European Political Community Summit

The 8th Summit of the European Political Community was held on 4 May 2026 in Yerevan, Armenia. The European Political Community is an intergovernmental forum that facilitates political and strategic dialogue about the future of Europe. It holds biannual summits.

== Background ==
Armenia was announced as the host of the 8th summit of the European Political Community on 23 May 2025, following the 7th European Political Community Summit held on 2 October 2025 in Copenhagen, Denmark. The Prime Minister of the Republic of Armenia, Nikol Pashinyan announced that the summit would be held on Monday, 4 May 2026, in Yerevan.

The 8th EPC summit was expected to be the largest international political event hosted by Armenia since its independence, with 48 heads of state and government from member states and partner countries expected to attend, together with invited delegates. Alongside the 8th EPC summit, three other high‑level events were planned on 4 and 5 May 2026, including the inaugural EU-Armenia bilateral summit, the state visit of the President of France, Emmanuel Macron, and the Yerevan Dialogue international forum.

At the first ever EU-Armenia summit, the President of the European Council, António Costa, together with the President of the European Commission, Ursula von der Leyen, will represent the EU, and the Prime Minister Nikol Pashinyan will represent Armenia.

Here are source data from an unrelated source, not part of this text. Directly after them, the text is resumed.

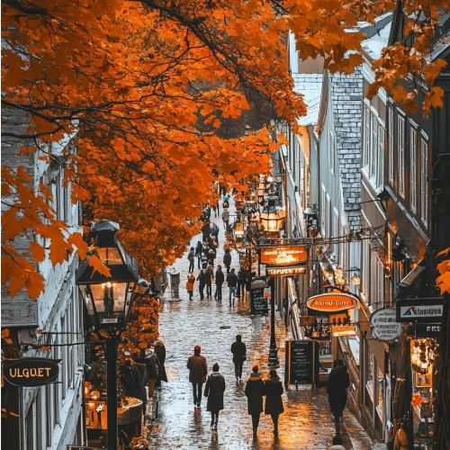 ▲ Quartier Petit Champlain, one of the oldest commercial streets in Canada, features charming boutiques and street performers, creating a vibrant atmosphere.
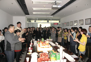 庆典首先回顾了公司的发展历程,总经理仙燕明先生对公司十年做了总结并对今后发展予以了再创辉煌的期望。之后公司董事长刘弘先生为在公司工作了九年的元老们佩戴了荣誉勋章。紧接着又给在乒乓球比赛中获奖的员工颁发奖品。最后在欢乐的气氛中同唱生日歌,品尝蛋糕的美味,在场的领导和员工共同举杯,互致祝福,期盼下一个十周年的到来。
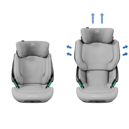 Le siège auto Kore i-Size de Bébé Confort convient aux enfants de 100 cm jusqu’à 150 cm et permet un ajustement simultané en hauteur et en largeur.
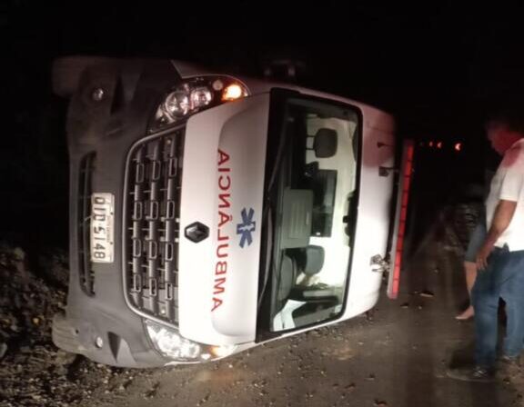 Após passar com o veículo no trecho em obras, o motorista não percebeu que ali haviam cargas de cascalho e atingindo as mesmas e tombando a ambulância sobre a pista.
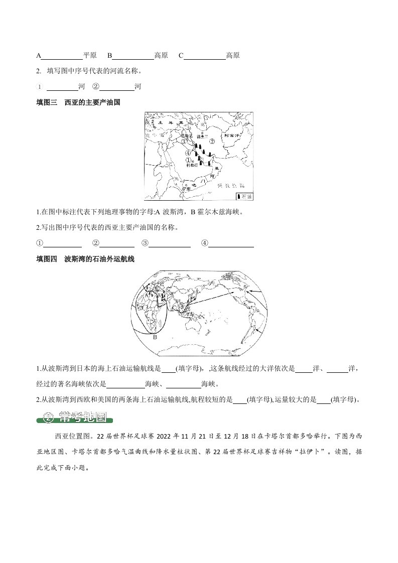 七下地理 9.1西亚(填图速记)-(人教版)(含答案)QXDLRJ-0079

The event comes at an important moment for Armenia, given the Joint Declaration reached between Armenia and Azerbaijan on 8 August 2025 in the presence of the President of the United States, Donald Trump, which has been further welcomed by the EU, their joint support for Armenia's Crossroads of Peace initiative and the "Trump Route for International Peace and Prosperity" (TRIPP) connectivity project in the territory of Armenia, as well as the alignment with two EPC strategic topics, including advancing connectivity and addressing evolving security dynamics and regional challenges.

A state visit by the President of France, Emmanuel Macron, will take place shortly after the solemn opening ceremony of the new building of the Embassy of Armenia in France, held in Paris on 28 April 2026 with the participation of Armenia's Minister of Foreign Affairs, Ararat Mirzoyan, and France's Minister for Europe and Foreign Affairs, Jean-Noël Barrot. As part of the state visit, Macron, accompanied by the Prime Minister of Armenia, will formalize a strategic partnership, visit Tsitsernakaberd and the Matenadaran, meet with the President of Armenia, Vahagn Khachaturyan, travel to Gyumri to honour the memory of the victims of the 1988 earthquake, and conclude the visit with the concert titled "Musical Bridge: Armenia-France" in Gyumri.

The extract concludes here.